The right solution is to stream, segment (or chunk) the output, because
in the general case, no timeout is long enough.  It'll always be
possible to find an archive that's just one byte (or second) longer than
any chosen timeout.  (See the halting problem.)   You want
the timeout
to catch a lack of progress, not total time that's a function of
transaction size.  (Webservers may also have limits on transaction size

e.g. mod_security, but they're only useful when the upper bound on a
response is knowable.)  Thus, the timeout(s) should be roughly
independent of the archive size; on the order of time-to-first-byte
(which ordinarily is longer than time between segments/chunks).

Also note that streaming requires fewer server resources than compiling
a complete archive before sending, since you don't need to create the
entire archive in memory (or in a tempfile).  You only need enough
memory to efficiently buffer the file I/O and to contain the compression
tables/output buffer.  Except for trivial cases, this will be
independent of the archive size.  The only downside is that if the comm
link is slow, you may hold a reader lock on the source data for longer
than necessary with the current scheme.
Seems as though this deserves an issue.  I guess I could open one - but
you have the experience/test cases.
Hyperkitty doesn’t actually create an archive in memory or in a temp file. It uses streaming response with on the fly compression to read from database and relay to the client for download.

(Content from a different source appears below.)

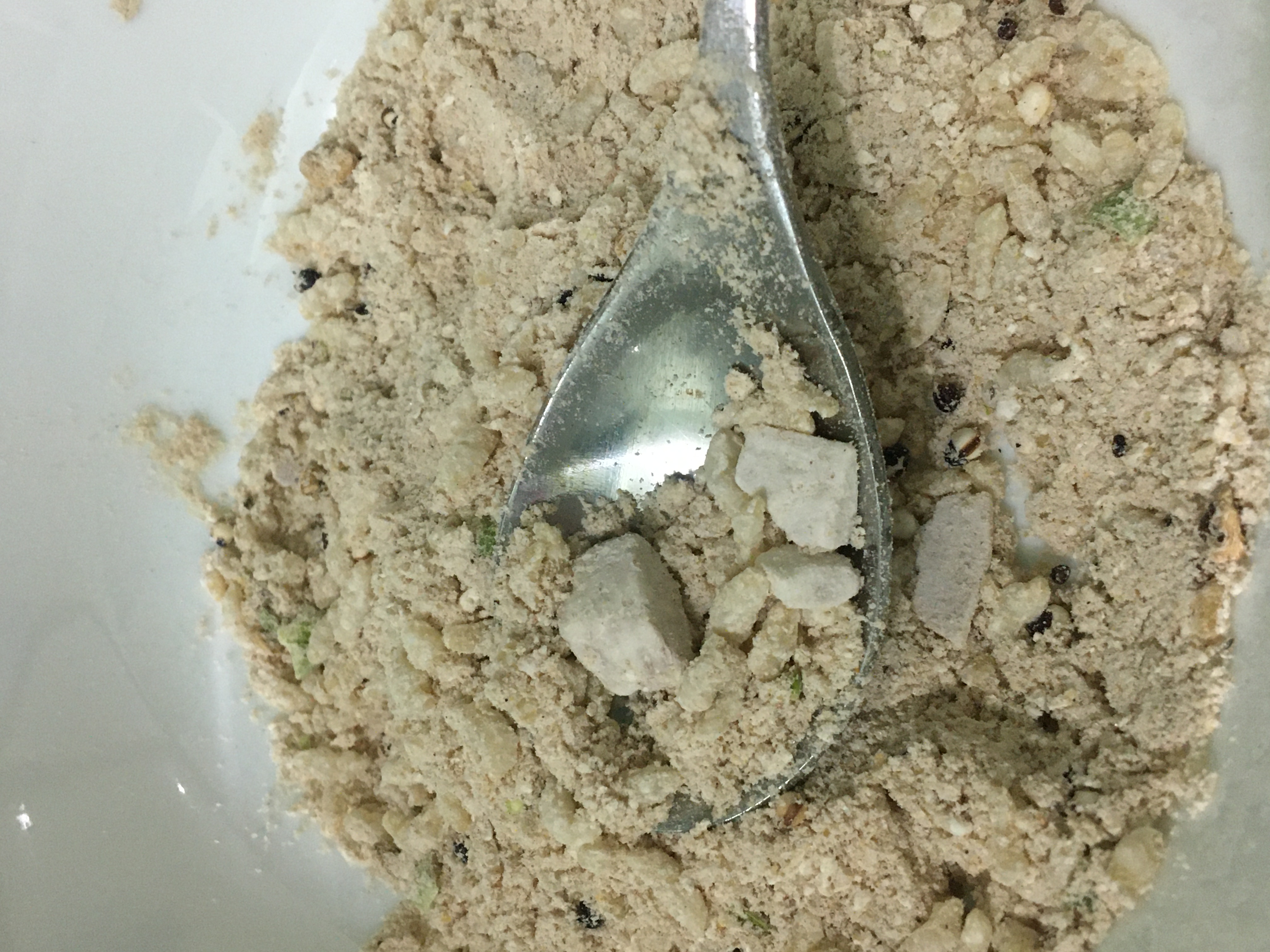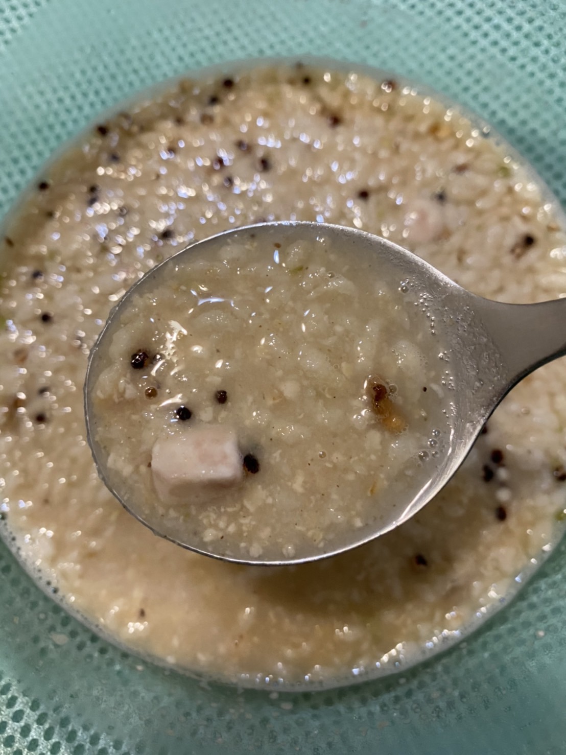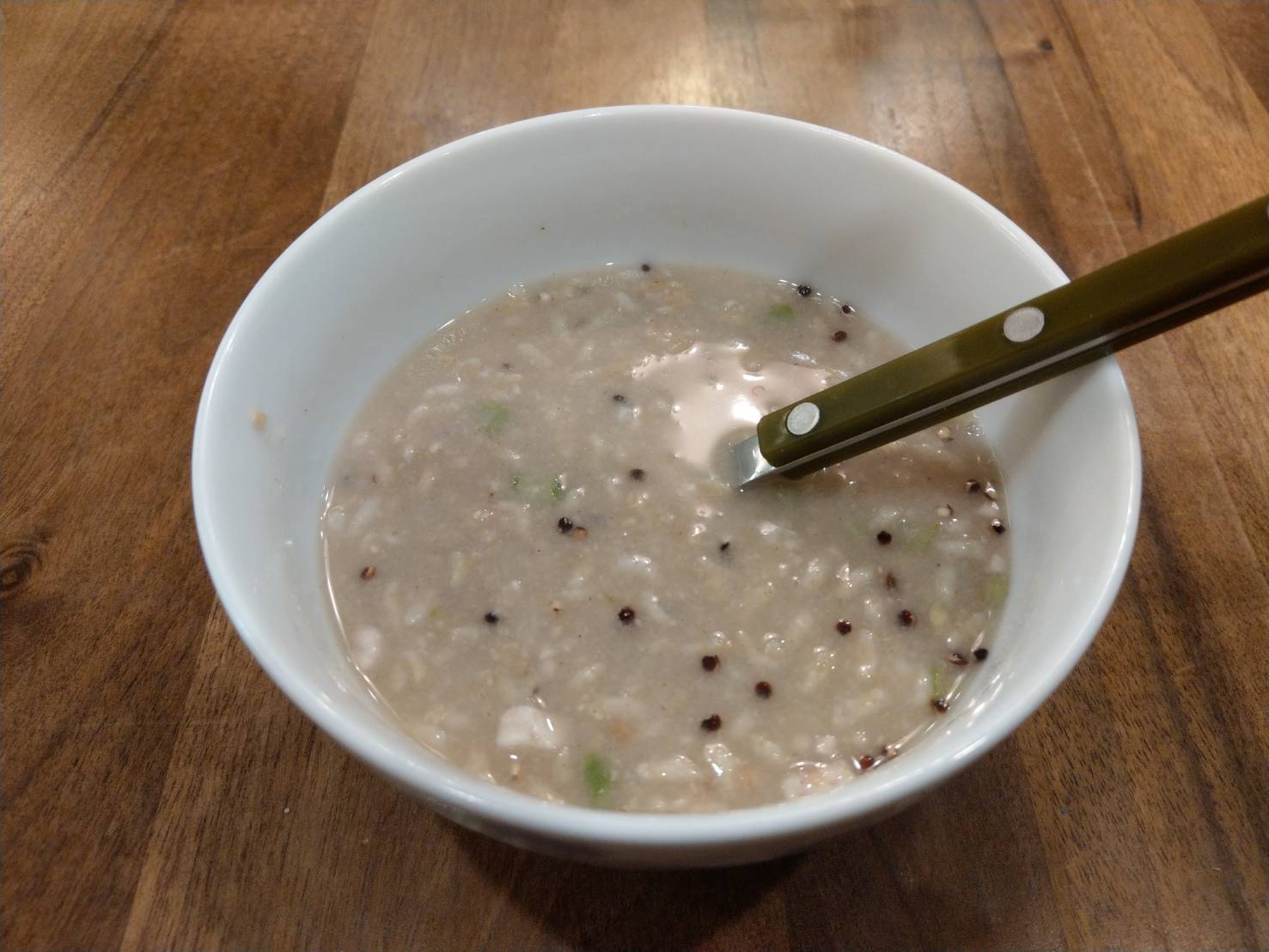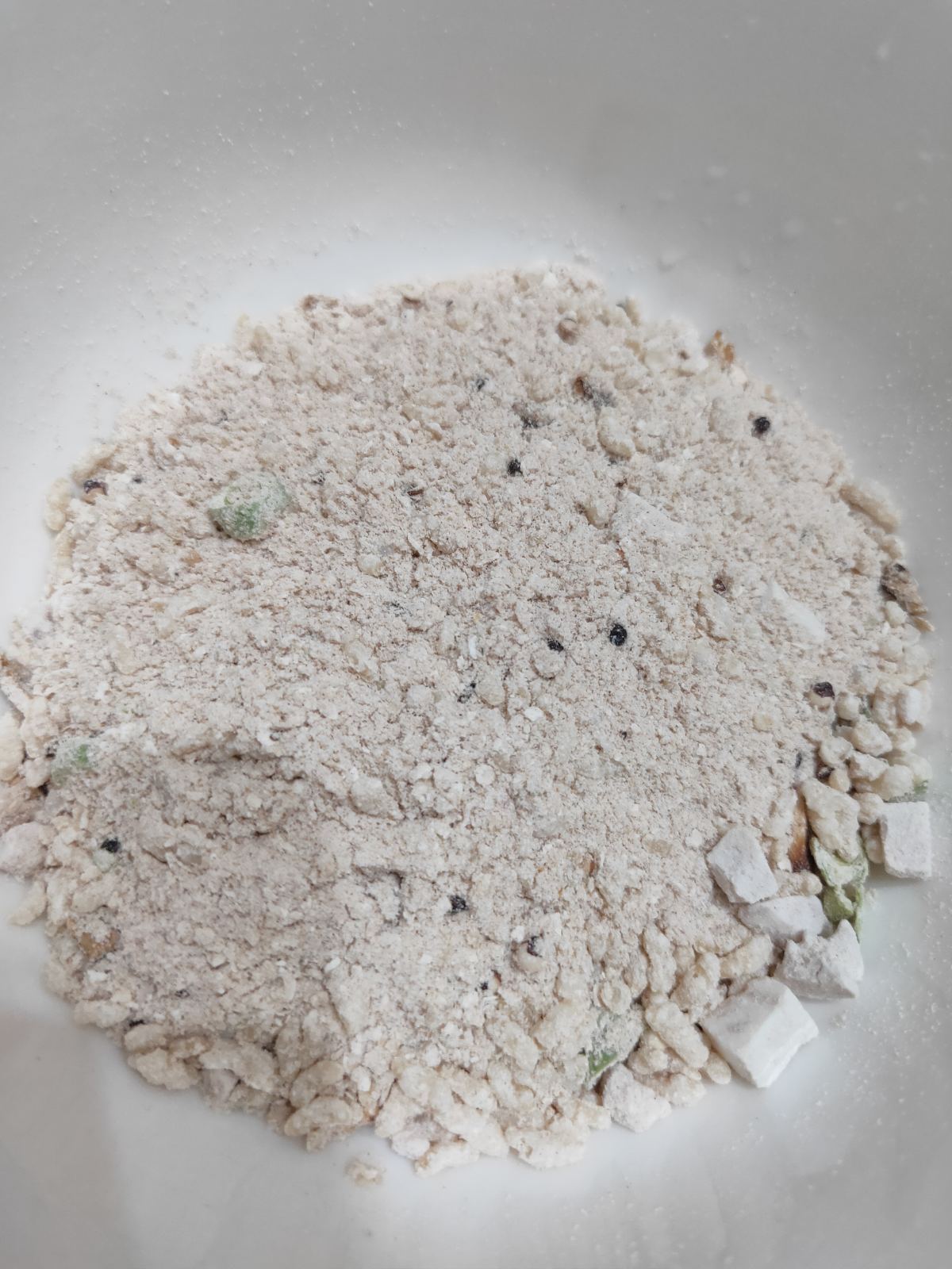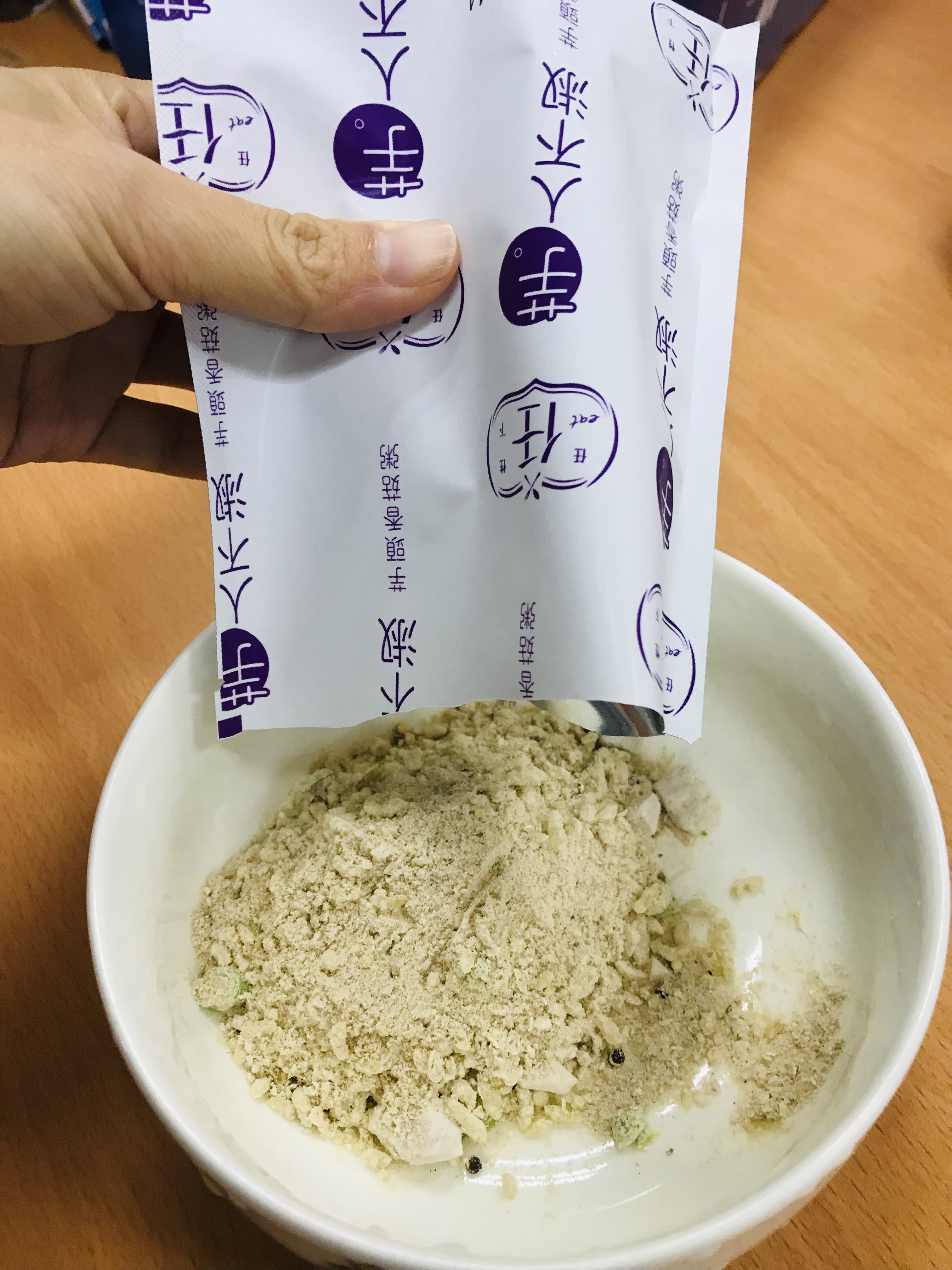 糙米粒、燕麥片、馬鈴薯澱粉、米、芋頭粉、鮮蔬調味粉、黃豆粉、燕麥粉、 砂糖、香菇粉、芋頭、香菇、敏豆、紅藜麥、玫瑰鹽、紫地瓜粉、酵母抽出物、 洋蔥粉、白胡椒粉、地瓜澱粉、辣椒、 花椒、黑胡椒粉、葡萄糖

https://gitlab.com/mailman/hyperkitty/-/blob/master/hyperkitty/views/mlist.p...
The problem could be that uwsgi seems to kill an ongoing downloading process, not an idle one for some reason. And, it seems that it is a known and intentional behavior. I don’t see a good way to disable it completely, but perhaps it can be set to a long enough value that it never essentially kills a running worker which is moving bits.
--
thanks,
Abhilash Raj (maxking)